There are a couple. One is “Don’t let the perfect become the enemy of the good.” This is something I’ve used both in the academic setting as well as at DELFI. The goal here is to create meaningful advances but to do them in a timely fashion.
We have spent some time thinking about values for DELFI. And in that process, we have developed three different ones that reflect underlying principles of leadership that I believe in. The first is “Lead with science, anchor in pragmatism.” You’re starting with science, but it’s got to be very rigorous science that can be practically useful. The second is “Build with and for all.” The concept here is that diversity is important — both in your team but also in who you think these tests will ultimately be useful for. The last is “Put we over I.” For any effort to be successful, you need to think from a team perspective. Obviously, we want everybody’s individual thoughts and contributions, but thinking as a team and thinking about a goal that’s larger than yourself often leads to everybody being able to do incredible things.

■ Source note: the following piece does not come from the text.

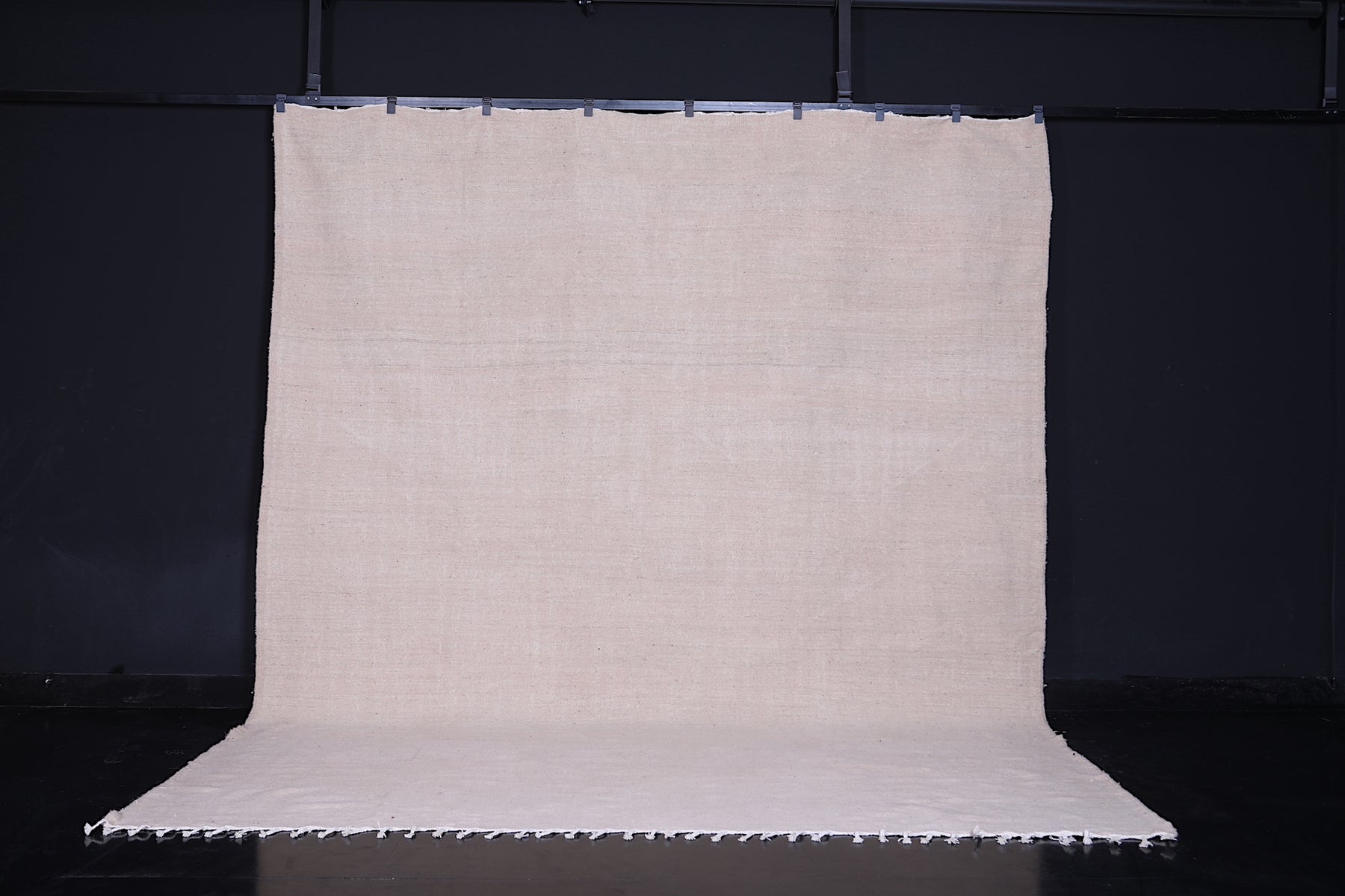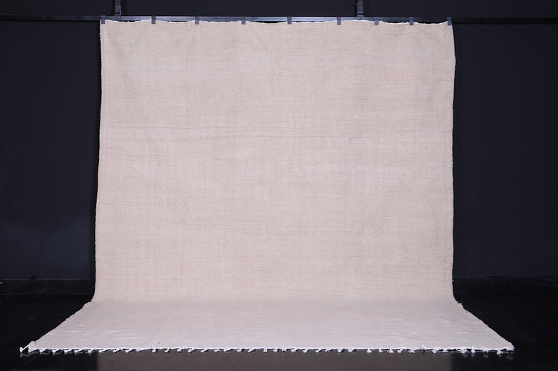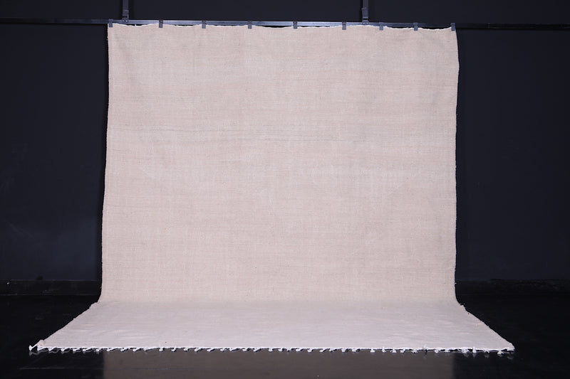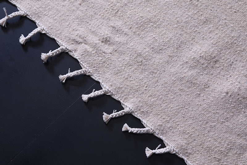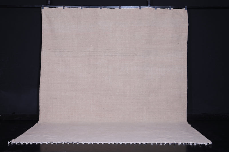 Infuse your home with "quiet luxury" using this authentic hand-spun wool Moroccan Kilim. This piece celebrates raw beauty with its monochromatic cream and oatmeal palette, showcasing the natural, undyed tonal variations of high-quality wool. Its flatwoven construction provides a sleek, architectural look that is as durable as it is beautiful.

Q: Who is the one person who had the most impact on your professional career?
There are many individuals who have had a tremendous impact on my professional career, but too many to list. In terms of a historical figure who has inspired me and my work, I would say Louis Pasteur for his discoveries in medicine that have had an important impact on public health and in prevention of disease. His quote, ‘Chance favors the prepared mind,’ has been relevant for our work in discovering and recognizing key features of the cancer genome that may be useful for early cancer detection.